During one of our class discussions this semester, one of my classmates said: In order to
make art you need to live life fully. you need to be vulnerable to life. You dont have to have
suffered something awful to create art, you just have to live life fully. By giving into our
weakness for real connection, or true emotion, or full bodied living, we allow ourselves the
privilege of falling into a more meaningful way of moving and living.
In the article What Can a Body Know, Kimerer LaMothe offers four steps to the philosophy of bodily becoming. 1) We are bodies 2) Our bodies are movement 3) The movement that we are is the movement that is making us 4) Transformation occurs when we bring
our sense of this dynamic to life (3). These guideposts point to an understanding of the wisdom
that is housed within the body; a wisdom that movement has the power to awaken. When we
stop numbing ourselves to the feelings, and attempting to become stronger than our weaknesses,
we can connect to this wisdom inside.
I believe that art, is meant to disrupt. When LaMothe writes that the movements we
make are making us, she is referring to this ability of dance, and art in general, to transform us
(What Can). In order for this to happen though, we must acknowledge our hunger for something more. Shifting patterns of thought and movement is difficult, because sometimes when we
acknowledge our hunger we realize how empty we truly are. That is why I felt such a powerful
sensation of nostalgia or longing after the performance. I wanted to always be as fulfilled as I
was in that moment. While the Batsheva performance did cause a huge shift in my perspective, I

think that this occurred not because of that singular moment of watching dance, but because of
the years in this program that prepared me for that moment.

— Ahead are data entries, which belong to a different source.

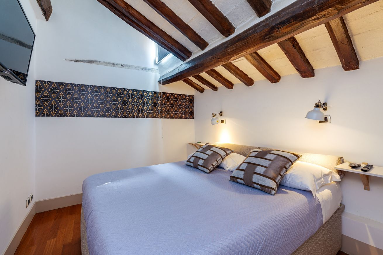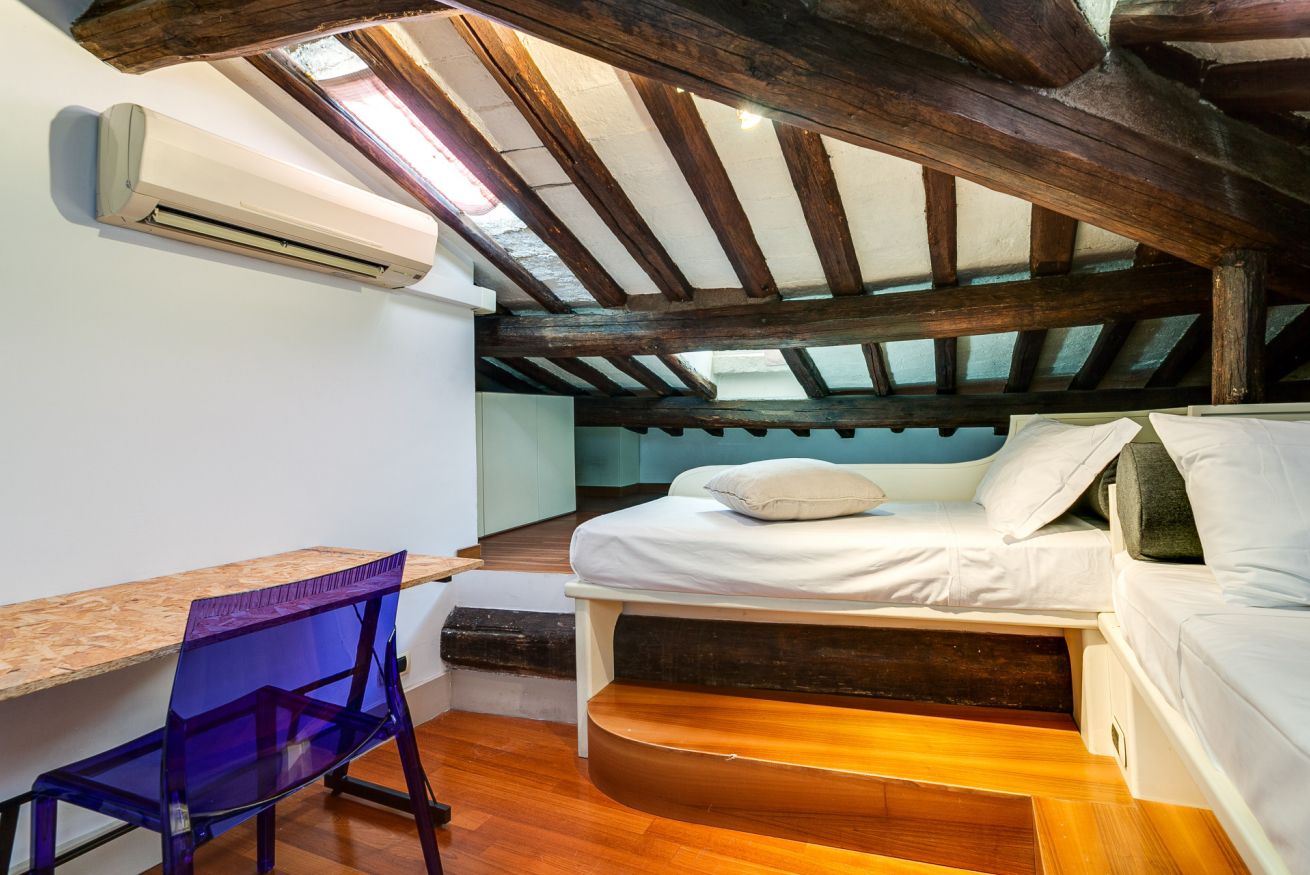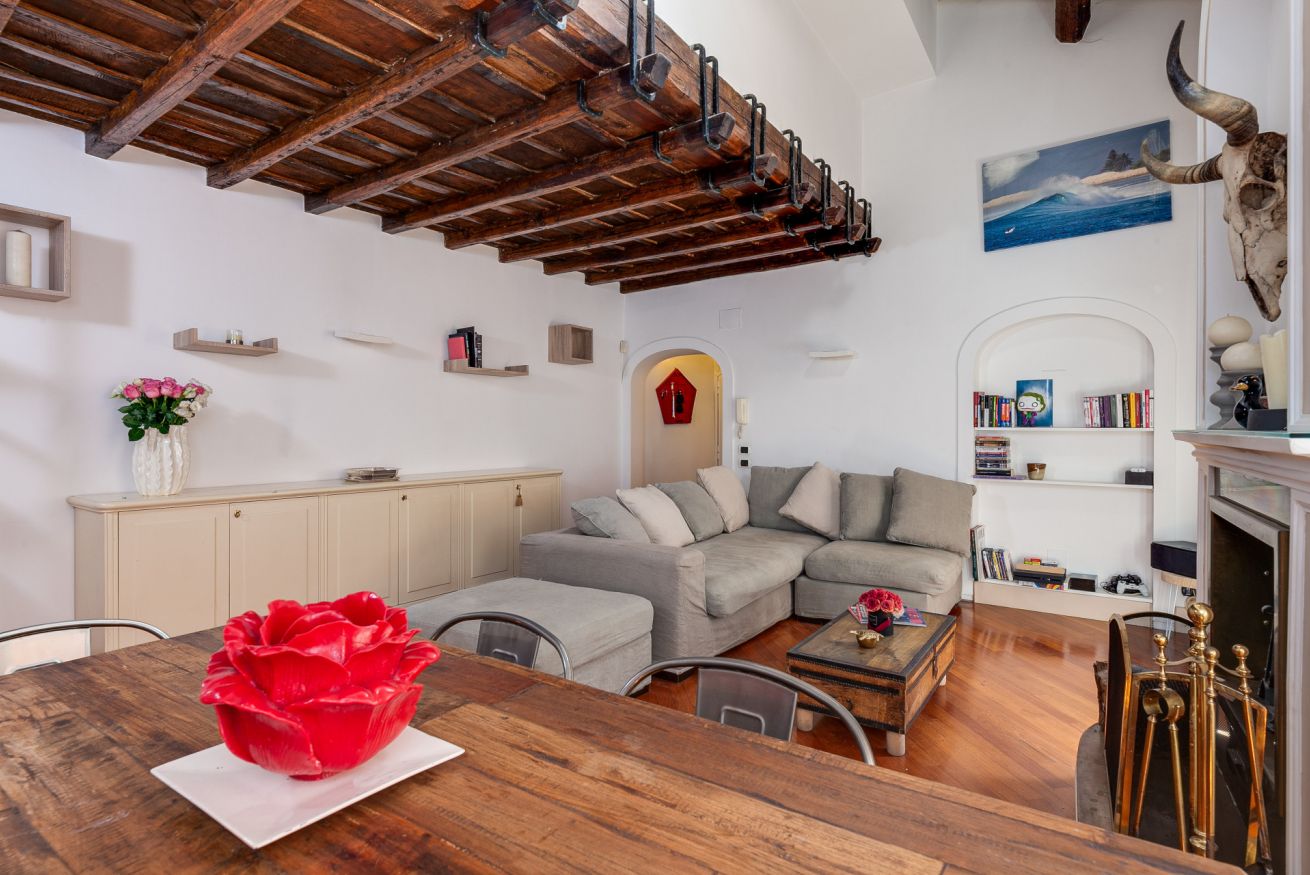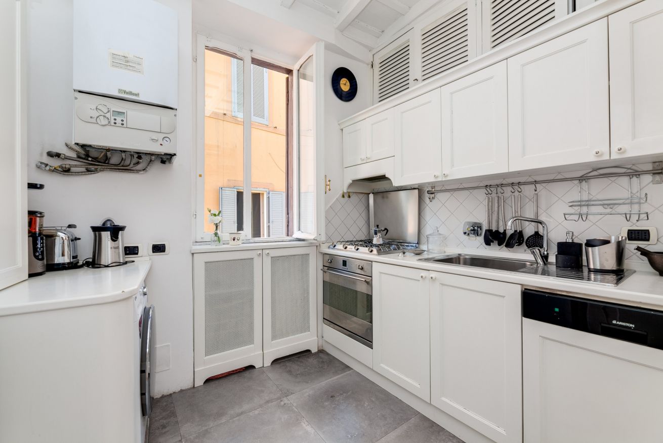Splendido appartamento a due passi da Piazza Navona e Campo de' Fiori, in una tranquilla via del cuore della vecchia Roma. Distribuito su due livelli, offre una camera matrimoniale con bagno en suite, un ampio salone con camino e una cucina ben attrezzata al piano inferiore. Al secondo livello, due camere da letto e un bagno con doccia. Dotato di Wi-Fi e aria condizionata, rappresenta un rifugio prestigioso al centro di Roma.
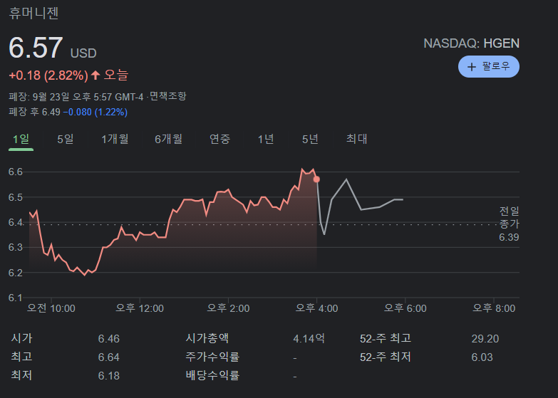 오늘 휴머니젠은 2.82% 상승한 6.57달러로 마감했습니다.
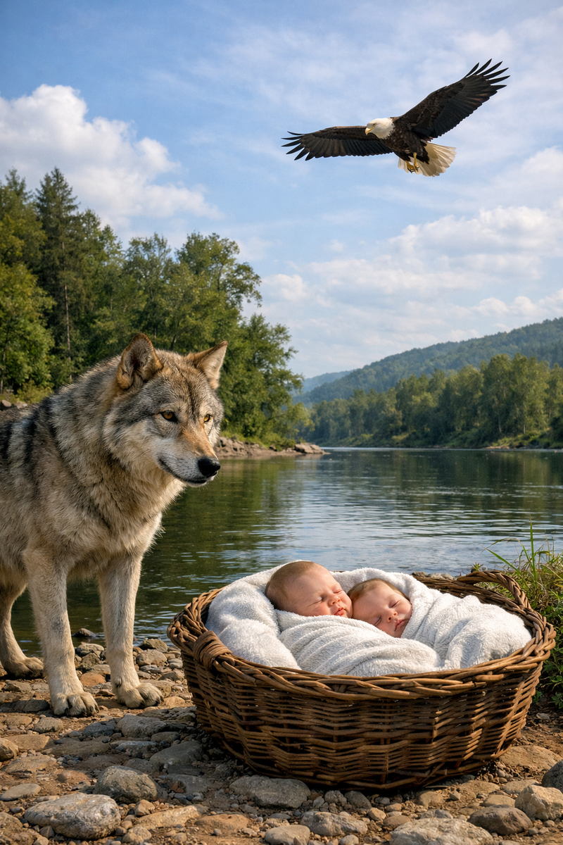 Троянец Эней, сын богини Афродиты и смертного Анхиза, уцелел при разрушении Трои и вместе со своим сыном Аксанием сбежал. После долгих лет странствований он прибыл к берегами Лация. В эти годы там правил Латин, царь местных племён. Он дружески принял Энея и выдал за него свою дочь Лавинию. Спустя годы Эней умер, а его с Лавинией сын основал город Альба Лонга и стал править в нём. Через несколько поколений к власти в Альбе Лонге пришёл Нумитор, которому было не суждено править долго. Его младший брат сверг Нумитора и стал править за него, а дочь Нумитора Рею Сильвию отдал в весталки (жрицы Богини Весты, которые давали обед безбрачия. Однако Рея Сильвия, от Бога Марса, спустя некоторое время родила двух мальчиков. Амулий (тот самый младший брат) был в гневе и приговорил её к смертной казни, а младенцев приказал утопить в бурных водах Тибра. Но сама судьба сжалилась над ними и воды реки были спокойны, когда рабы принесли младенцев к её глади, а затем и вовсе отступили, оставил младенцев н
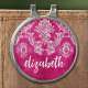 Hot Pink Grunge Damask Pattern Custom Monogram Golf Hat Clip
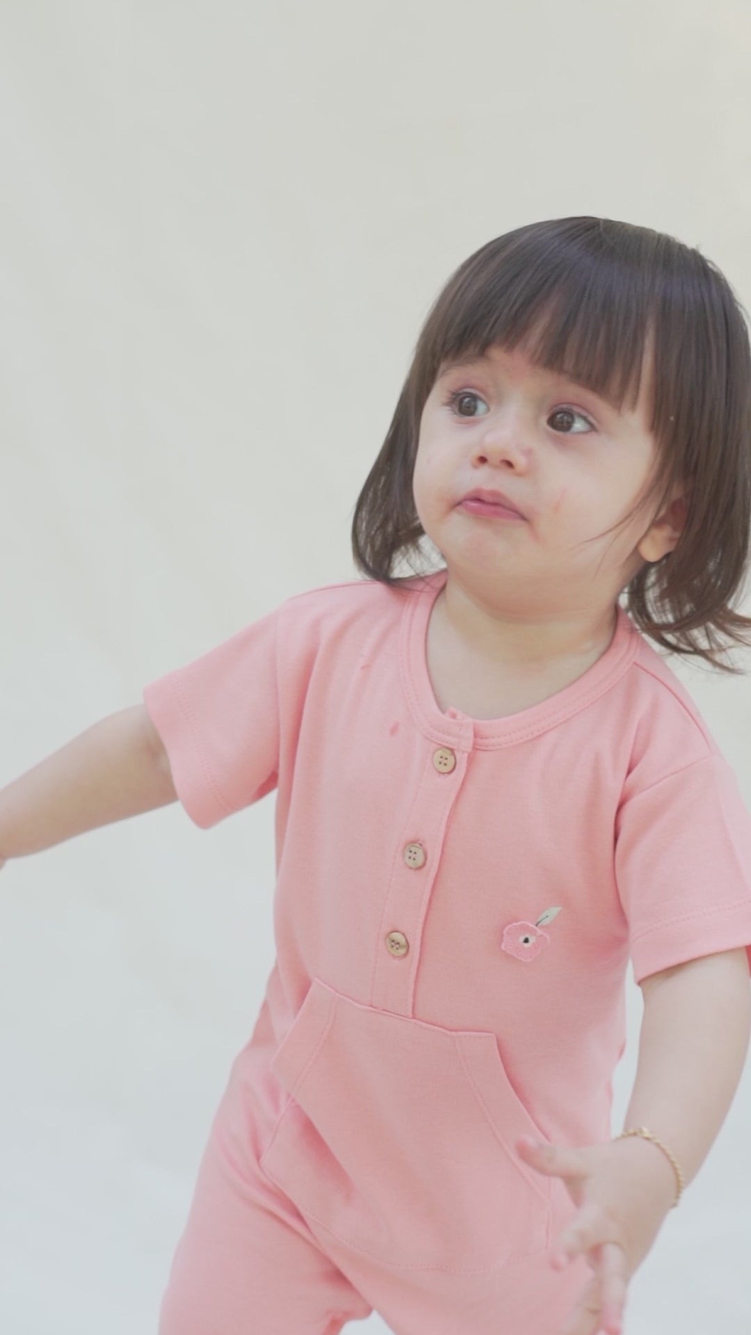 Wrap your little one in comfort and style with our Bamboo Short Sleeve Baby Pink Romper. Crafted from a soft blend of 70% bamboo and 30% organic cotton, this romper is not only gentle on your baby’s skin but also features antibacterial and hypoallergenic properties. Its breathable design keeps your baby cool and comfortable without the use of harmful chemicals. Designed with practical wooden buttons and a kangaroo pocket, it’s perfect for playtime and everyday adventures. Our commitment to sustainability ensures that every piece is made with care for both your child and the environment, making it a safe and stylish choice for your little explorer.
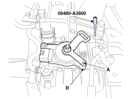 Затяните гайку (А) и болты (В) с указанным моментом.
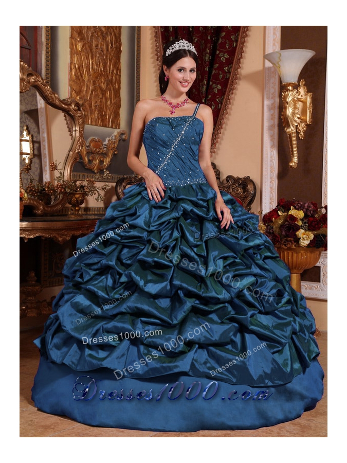 Blue Ball Gown One Shoulder Floor-length Taffeta Pick-ups Quinceanera Dress
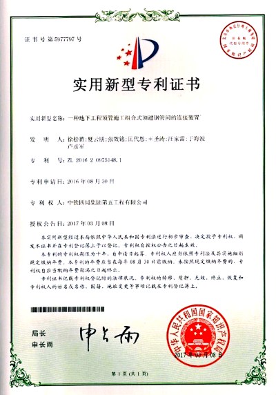 近日,从国家知识产权局传来喜讯,由中铁四局五公司研发的“一种地下工程顶管施工组合式顶进钢管间的连接装置”获国家实用新型专利。
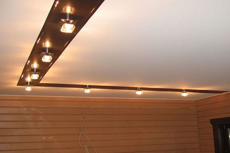 Одинаково хорошо сочетается с точечными светильниками, люстрами, световыми линиями, парящими потолками.
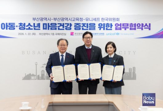 유니세프 한국위원회(회장 정갑영)는 아동·청소년의 마음건강 증진을 위해 부산광역시(시장 박형준) 및 부산광역시교육청(교육감 김석준)과 업무협약을 체결했다고 22일 밝혔다.

I have spent three and a half years clearing out the cobwebs of doubt, and being led to a
deeper thought process about art. The process will be life long, but in general this program has
emptied me; it has taught me to be gnawingly hungry for a deeper experience. Batsheva felt like
the satisfaction I had been searching for; the experience that stayed the hunger. But the effect
was brief, because mostly it left me wanting more. The experience broke me down so that I can
learn to create my own meaning, and so that I can continue to follow the hunger towards what
matters.

Works Cited
Howard, Rachel. "Batsheva Dance Company: Ohad Naharins 'Sadeh21 at YBCA." Rev. of
Sadeh21. SF Gate [San Francisco] 5 Nov. 2014: n. pag. Sfgate.com. 5 Nov. 2014. Web. 9
Nov. 2014.
LaMothe, Kimerer. "What Can a Body Know." Across the Threshold, Duke University (2009): n.
pag. Print.
LaMothe, Kimerer. "What Is Mental Health." (2011): n. pag. Print.